Data segment Block Start

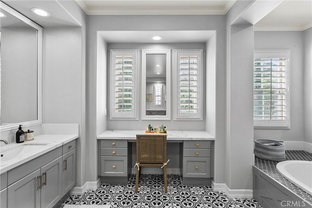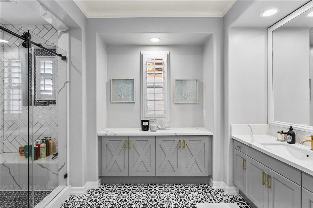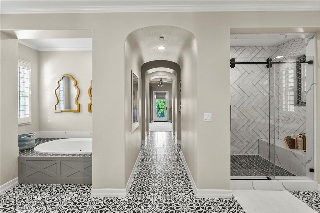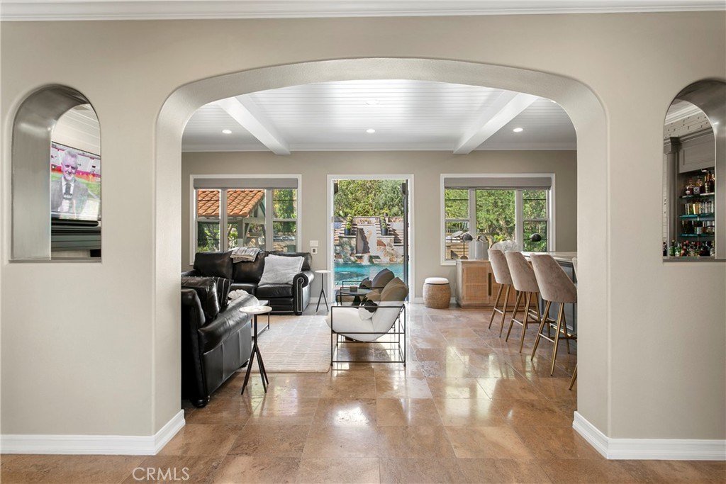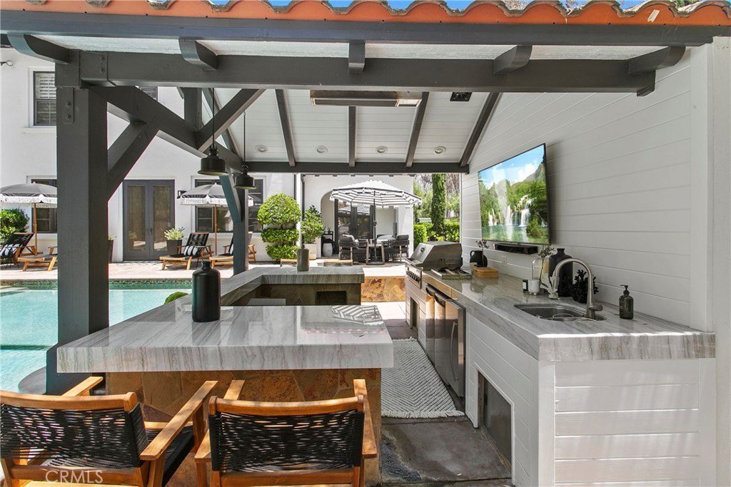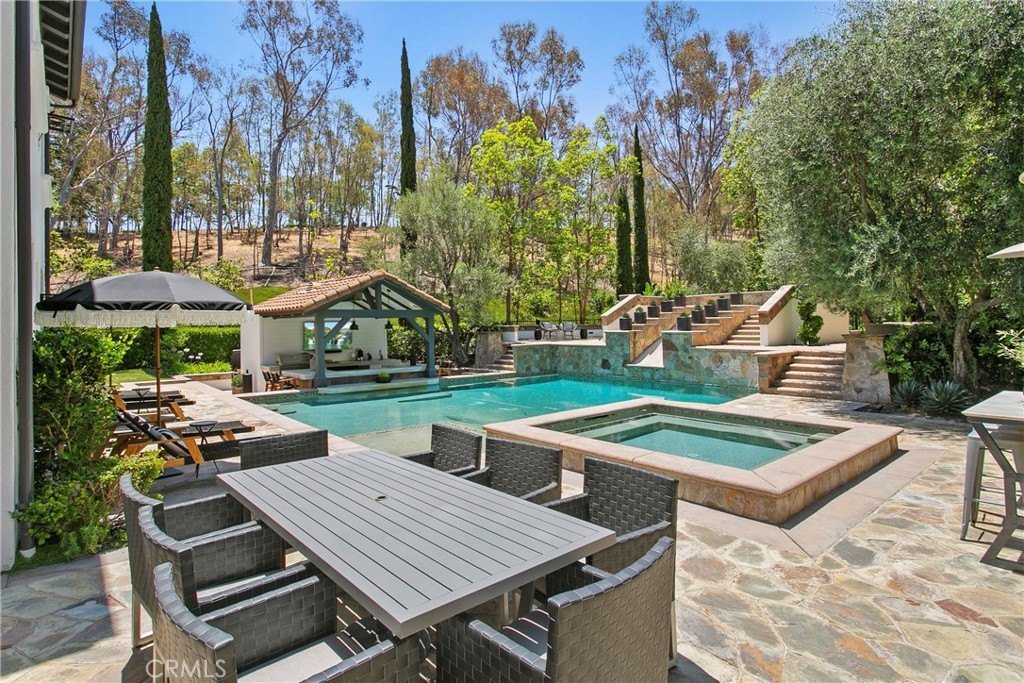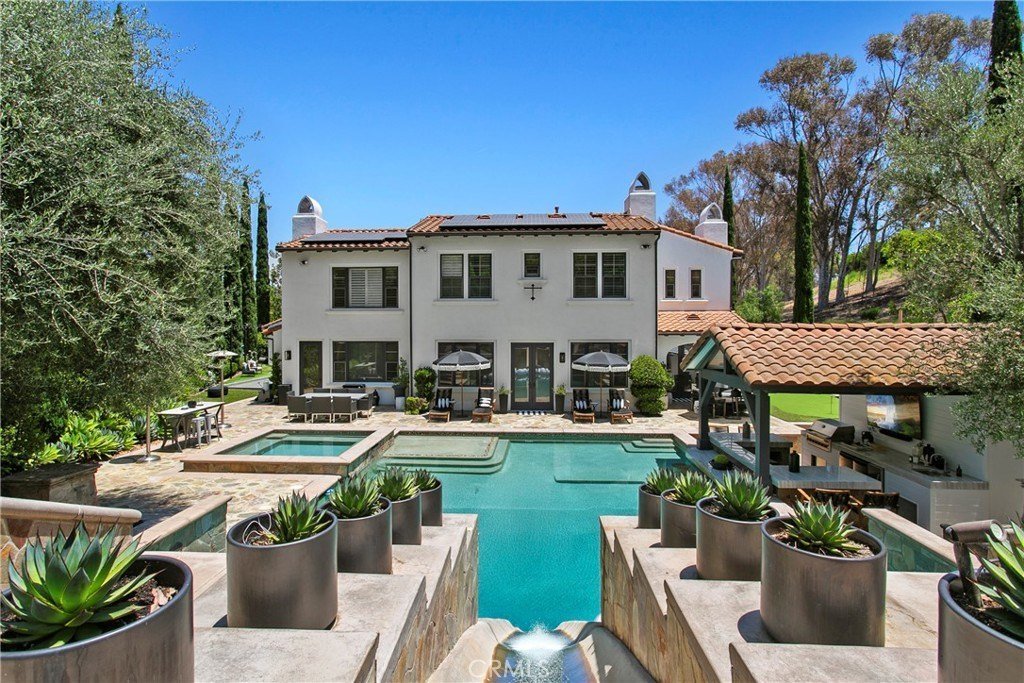 Stellen Sie sich ein atemberaubendes Zuhause vor, das zeitlose Eleganz und raffinierten Stil im Herzen von Tustin ausstrahlt? Entdecken Sie Ihren eigenen privaten Rückzugsort in der begehrten Cameo Woods Community. Dieses außergewöhnliche Anwesen, am Ende einer friedlichen Sackgasse gelegen, befindet sich auf einem der größten Premiumgrundstücke im Viertel und sorgt für eine ideale Kombination aus Raum und Privatsphäre. Dieses beeindruckende Wohnhaus verfügt über vier großzügig gestaltete Schlafzimmer und vier Badezimmer sowie mehrere Wohnbereiche und helle Bonuszimmer, die mit natürlichem Licht durchflutet werden. Die renovierte Küche ist ein Traum für kulinarische Enthusiasten, ausgestattet mit hochwertigen Geräten und nahtlos in den geräumigen Wohnzimmer, der perfekt für Zusammenkünfte ist. Das prächtige Wohnzimmer, begleitet von einer beeindruckenden Bar, öffnet sich zu einem spektakulären Garten, der wirklich ein Paradies für das Leben im Freien ist. In diesem exquisiten Raum finden Sie eine Außenküche, ein großes Becken mit Swim-up-Bar und Rutsche, ein beruhigendes Spa, ein Putting-Green, einen Boccia-Platz und einen charmanten Kamin, alles ergänzt durch ein bequemes Poolbad. Entfliehen Sie in die ruhige Master-Suite, ein luxuriöser Rückzugsort, der mit den ruhigsten Spas konkurrieren kann, mit großzügigem Grundriss, großzügigem Kleiderschrank und einem zusätzlichen Bonuszimmer. Das Grundstück verfügt außerdem über eine angebaute Garage für zwei Autos, eine separate Einzelgarage und eine große Garage, in der ein Boot gelagert werden können und großzügige Stauraum angeboten werden. Jedes Detail wurde in diesem bemerkenswerten Anwesen sorgfältig bedacht. Bei diesen herausragenden Funktionen und mehr – warum zögern? Treten Sie ein in den luxuriösen Lebensstil, der Sie in diesem außergewöhnlichen Zuhause erwartet!
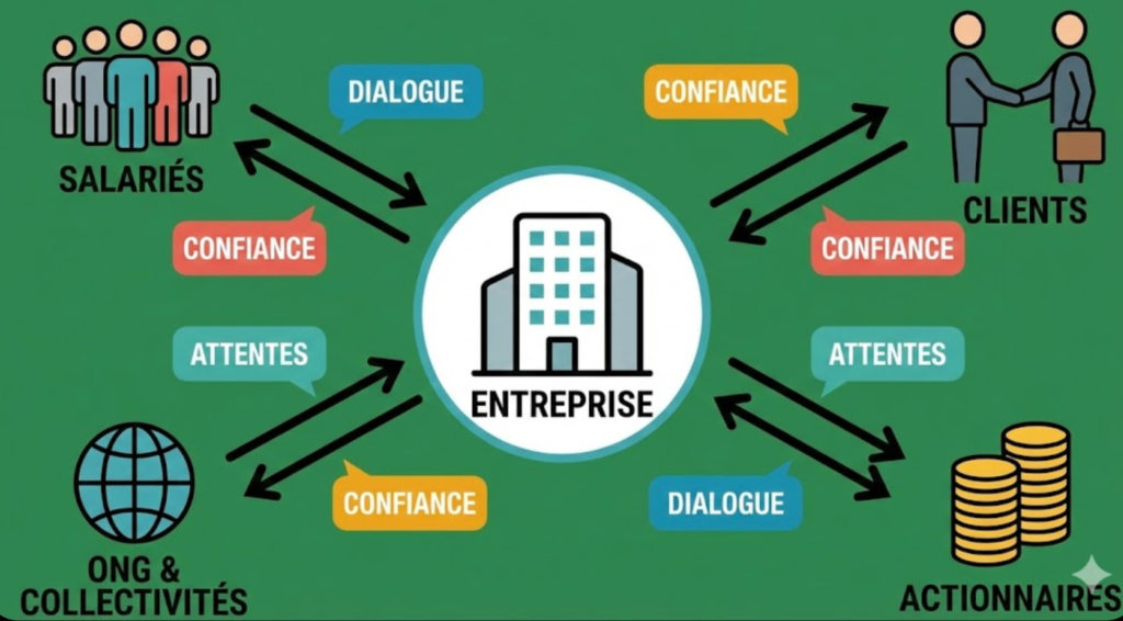Le dialogue avec les parties prenantes est un élément essentiel de la gouvernance moderne. Il vise à identifier et intégrer les attentes des acteurs internes et externes à l’entreprise : salariés, actionnaires, clients, fournisseurs, ONG, collectivités territoriales, etc.
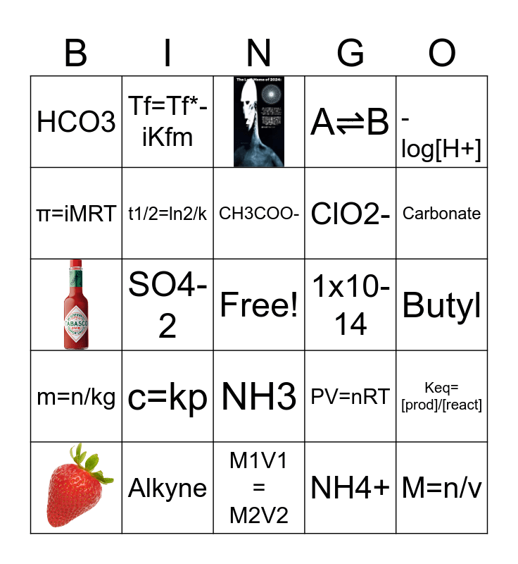 This bingo card has 12 images, a free space and 38 words: q=msΔt, M=n/v, D=g/ml, M1V1 = M2V2, c=kp, PA=XAPA*, Tf=Tf*-iKfm, Tb=Tb*+iKbm, π=iMRT, rate=k[A]*[B]*, t1/2=ln2/k, A⇌B, Keq=[prod]/[react], PV=nRT, HBr, CH3COOH, CH3COO-, 1x10-14, 14, -log[H+], SO4-2, NH4+, HCO3, ClO2-, 1x10-7, Carbonate, NH3, m=n/kg, Alkane, Alkene, Alkyne, Methyl, Ethyl, Propyl, Butyl, Cis, Trans and Saturated.

Data segment Block End

- Work required -
Only the lines starting at the one that holds "Le dialogue avec" and ending at the last line of the data belong in your answer. Please set them down exactly and omit the pictures.

- Output of the exercise -
Le dialogue avec les parties prenantes est un élément essentiel de la gouvernance moderne. Il vise à identifier et intégrer les attentes des acteurs internes et externes à l’entreprise : salariés, actionnaires, clients, fournisseurs, ONG, collectivités territoriales, etc.
 This bingo card has 12 images, a free space and 38 words: q=msΔt, M=n/v, D=g/ml, M1V1 = M2V2, c=kp, PA=XAPA*, Tf=Tf*-iKfm, Tb=Tb*+iKbm, π=iMRT, rate=k[A]*[B]*, t1/2=ln2/k, A⇌B, Keq=[prod]/[react], PV=nRT, HBr, CH3COOH, CH3COO-, 1x10-14, 14, -log[H+], SO4-2, NH4+, HCO3, ClO2-, 1x10-7, Carbonate, NH3, m=n/kg, Alkane, Alkene, Alkyne, Methyl, Ethyl, Propyl, Butyl, Cis, Trans and Saturated.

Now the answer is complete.